**Work order**
Retype exactly what runs from the first line of the data to the line with "- Visit the", keeping both of those lines and skipping pictures.

[Collected data]

- - - - - - -

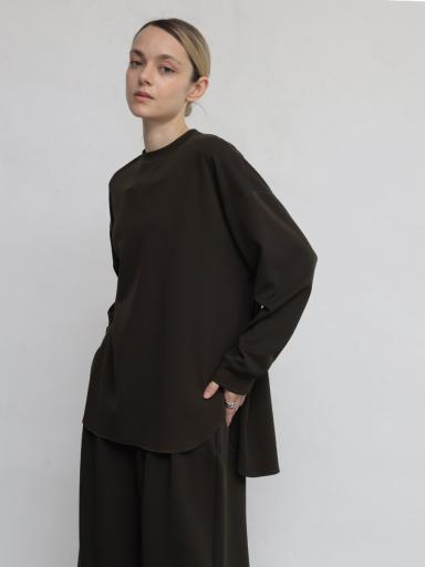 落ち感ある素材感で、よりスタイルがきれいに見える一枚。
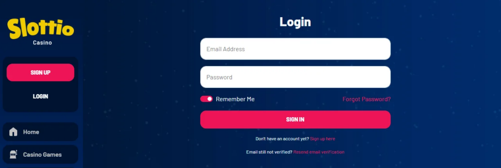 - Visit the website for Slottio: Go to the Slottio website to begin.
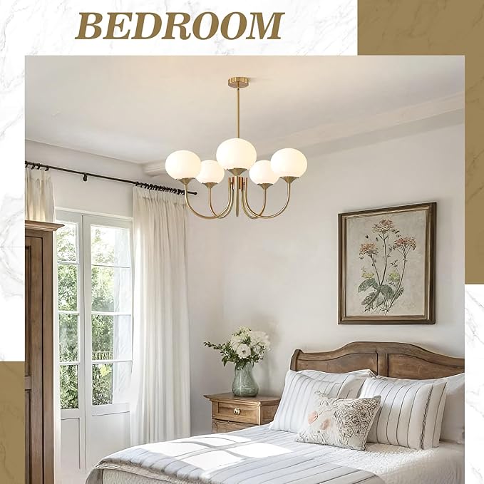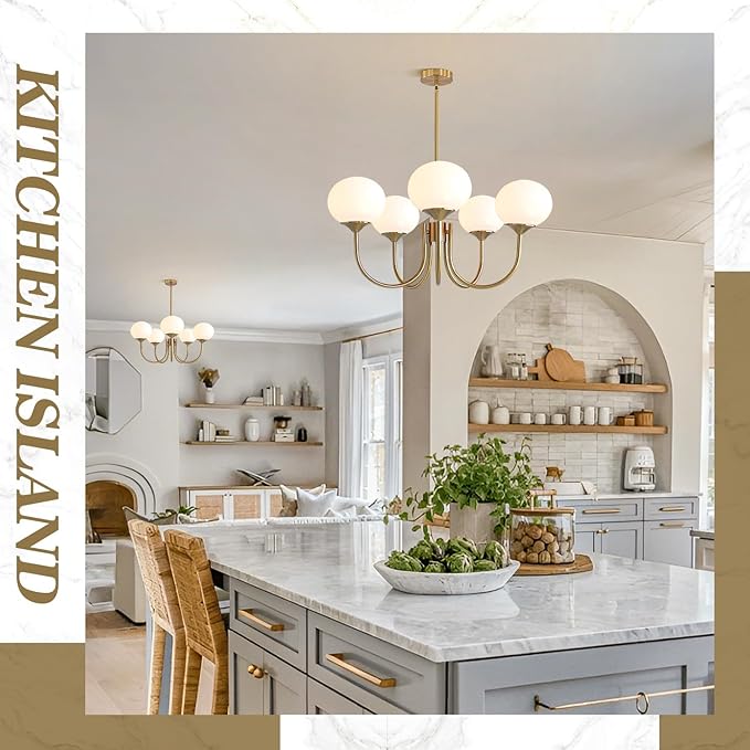 - 【Modern 5-Light Globe Sputnik Chandelier】The 5 light brushed gold chandelier features 5 graceful lamp arms made of iron with superb gilded finish accents,each holds exposed white glass globe lampshade. The gold glass chandelier blends vintage and modern design concepts that set it apart from traditional chandeliers, presents a classic and luxury modern aesthetic piece.
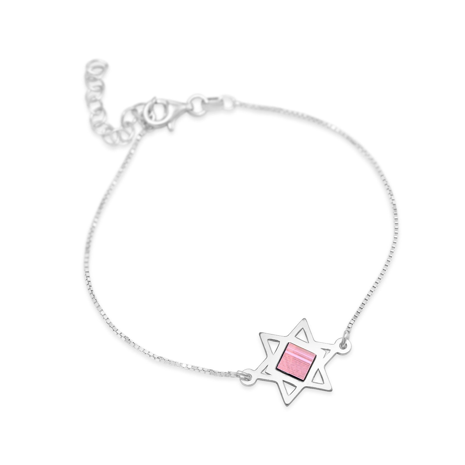 צמיד מגן דוד כסף 925 עדין לאישה עם ננו תנ״ך
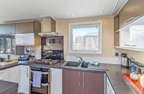 Ideal for family getaways, this contemporary 12ft-wide wood effect holiday home boasts a sunken outdoor hot tub on the decking area. The master double has a walk-in wardrobe and contemporary styled en suite bathroom, and there is a further twin (2ft 6in wide beds) with use of a shower. The stylish and spacious open-plan living space leads to decking for al fresco dining and comprises a modern kitchen, breakfast bar, dining area and living area. Pets allowed in selected accommodation only.

- - - - - - -

**Answer below**
 落ち感ある素材感で、よりスタイルがきれいに見える一枚。
 - Visit the website for Slottio: Go to the Slottio website to begin.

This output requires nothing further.